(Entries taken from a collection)
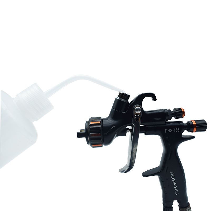 Sprøjtepistolens vaskepotte bruger en unik buet dyse, der kan trænge dybt ind i sprøjtepistolen og hurtigt skylle maling og snavs ud af hullerne inde i sprøjtepistolen. Dyb rengøring kan effektivt forhindre tilstopning forårsaget af indtørret maling, forbedre sprøjteydelsen og forlænge sprøjtepistolens levetid.
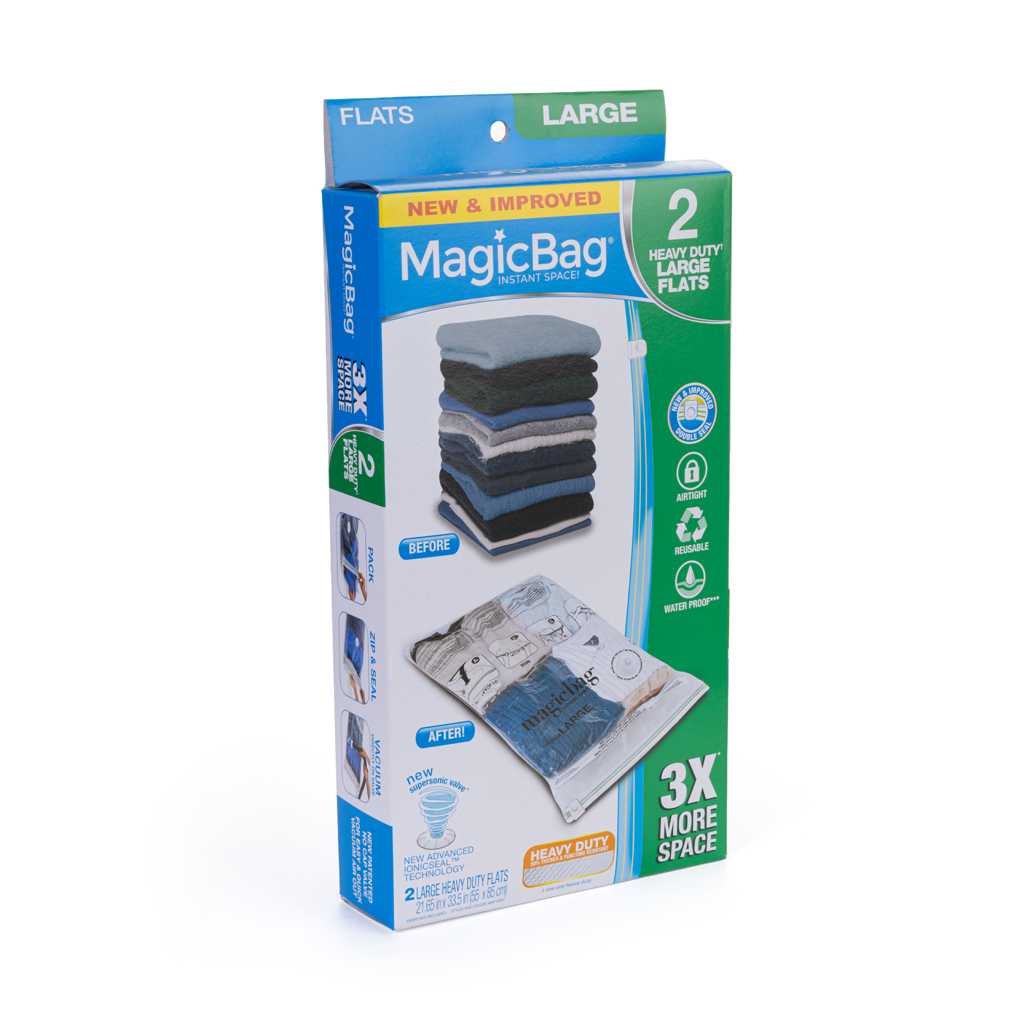 automatic, airtight one-way valve fits most vacuum hoses; Creates 3X more space; Dimensions: 21.65"W x 33.5"D; Each bag holds 2 bedding sets and 4 pillows; Lab tested and proven to stay airtight; Protects against dirt, odor, insects, and mildew; Reusable; Rounded double zipper; Smart Design 2-Pack Large MagicBag Vacuum Compression Bags; waterproof
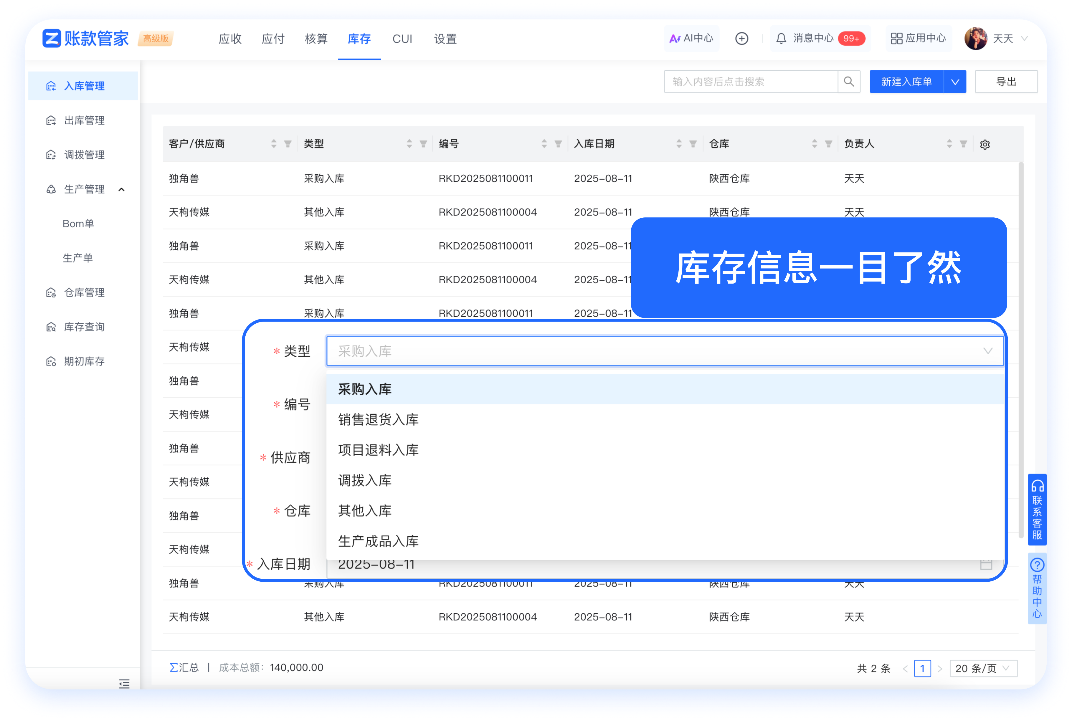 🟢 解决方案:账款管家库存管理让每一笔物料的采购、入库、领用、出库都清晰记录在案,库存数量实时更新,彻底告别了“库存黑洞”。系统能提供各类库存数据,帮助公司识别滞销品,优化库存储备,显著降低了资金占压和仓储成本。
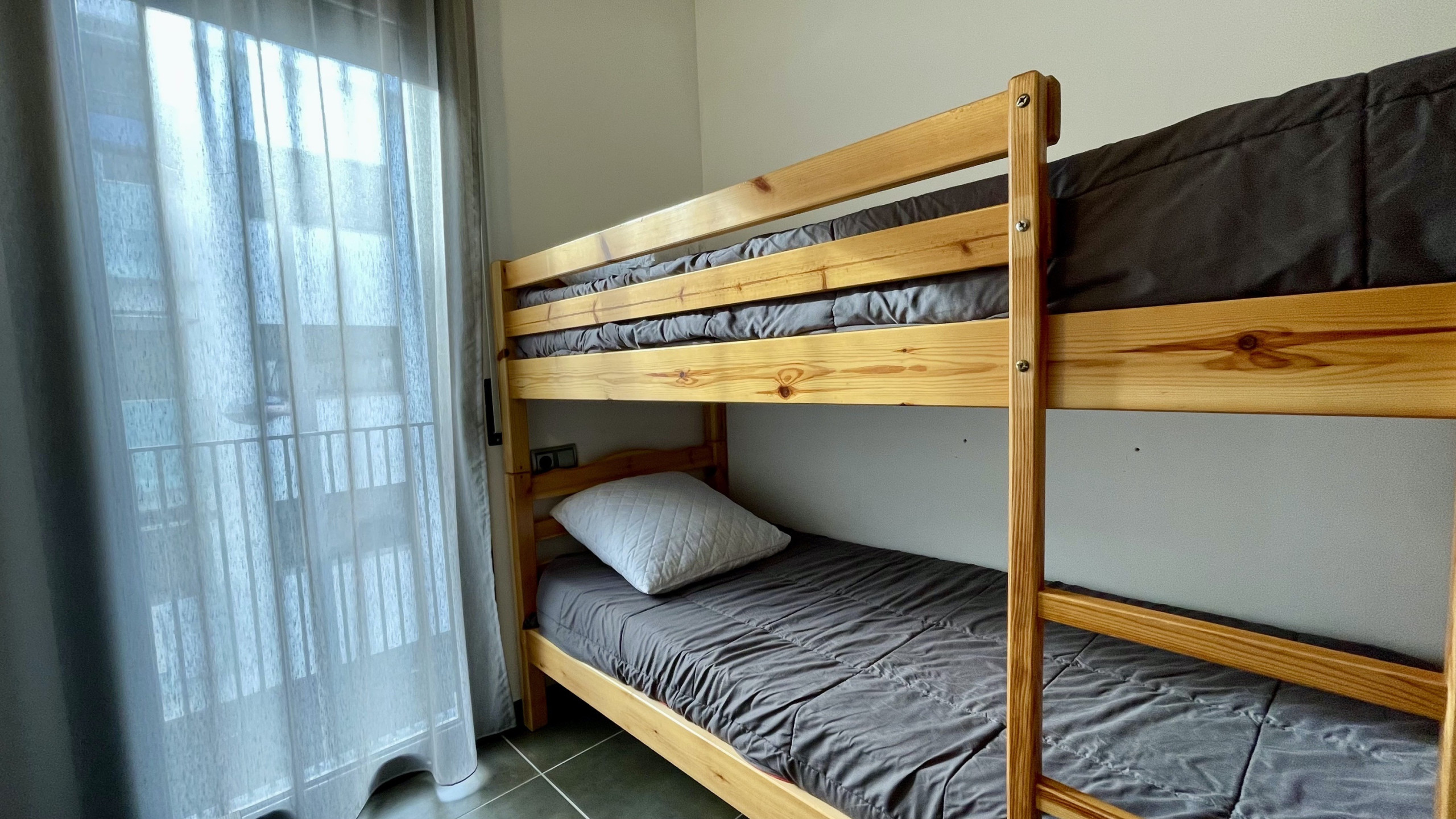 L'apartament disposa de dues habitacions que poden allotjar còmodament fins a 5 persones, oferint una distribució ideal per a famílies. Disposeu d'un llit de matrimoni principal, un llit individual i un sofà llit, garantint un descans relaxant per a tots els membres de la família.
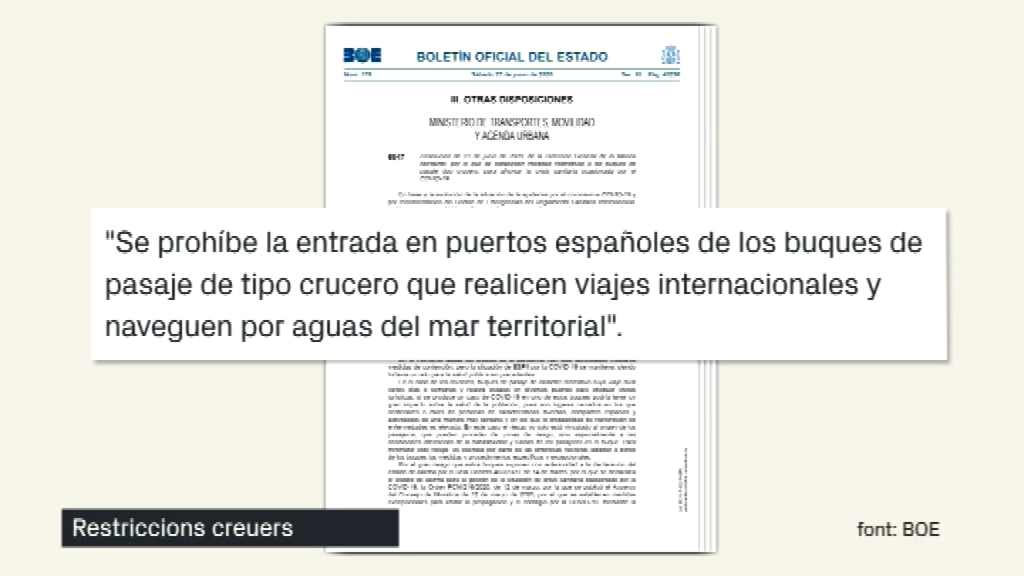 La restricció va fer-se efectiva al març i havia d’acabar amb el final de l’estat de l’alarma, però el Govern espanyol va decidir mantenir aquesta prohibició perquè considera que “la naturalesa imprevisible i dinàmica del virus desaconsella reprendre l’activitat creuerística”. Ho recull el Butlletí Oficial de l’Estat, que afegeix que si es produís un cas de covid-19 en un vaixell “tindria un gran impacte sobre la salut de la població”. El sector, però, critica la mesura.

EXERCISE REQUIREMENTS: Without altering anything, output all the lines above but none of the images.

RESPONSE TO THE TASK:
 Sprøjtepistolens vaskepotte bruger en unik buet dyse, der kan trænge dybt ind i sprøjtepistolen og hurtigt skylle maling og snavs ud af hullerne inde i sprøjtepistolen. Dyb rengøring kan effektivt forhindre tilstopning forårsaget af indtørret maling, forbedre sprøjteydelsen og forlænge sprøjtepistolens levetid.
 automatic, airtight one-way valve fits most vacuum hoses; Creates 3X more space; Dimensions: 21.65"W x 33.5"D; Each bag holds 2 bedding sets and 4 pillows; Lab tested and proven to stay airtight; Protects against dirt, odor, insects, and mildew; Reusable; Rounded double zipper; Smart Design 2-Pack Large MagicBag Vacuum Compression Bags; waterproof
 🟢 解决方案:账款管家库存管理让每一笔物料的采购、入库、领用、出库都清晰记录在案,库存数量实时更新,彻底告别了“库存黑洞”。系统能提供各类库存数据,帮助公司识别滞销品,优化库存储备,显著降低了资金占压和仓储成本。
 L'apartament disposa de dues habitacions que poden allotjar còmodament fins a 5 persones, oferint una distribució ideal per a famílies. Disposeu d'un llit de matrimoni principal, un llit individual i un sofà llit, garantint un descans relaxant per a tots els membres de la família.
 La restricció va fer-se efectiva al març i havia d’acabar amb el final de l’estat de l’alarma, però el Govern espanyol va decidir mantenir aquesta prohibició perquè considera que “la naturalesa imprevisible i dinàmica del virus desaconsella reprendre l’activitat creuerística”. Ho recull el Butlletí Oficial de l’Estat, que afegeix que si es produís un cas de covid-19 en un vaixell “tindria un gran impacte sobre la salut de la població”. El sector, però, critica la mesura.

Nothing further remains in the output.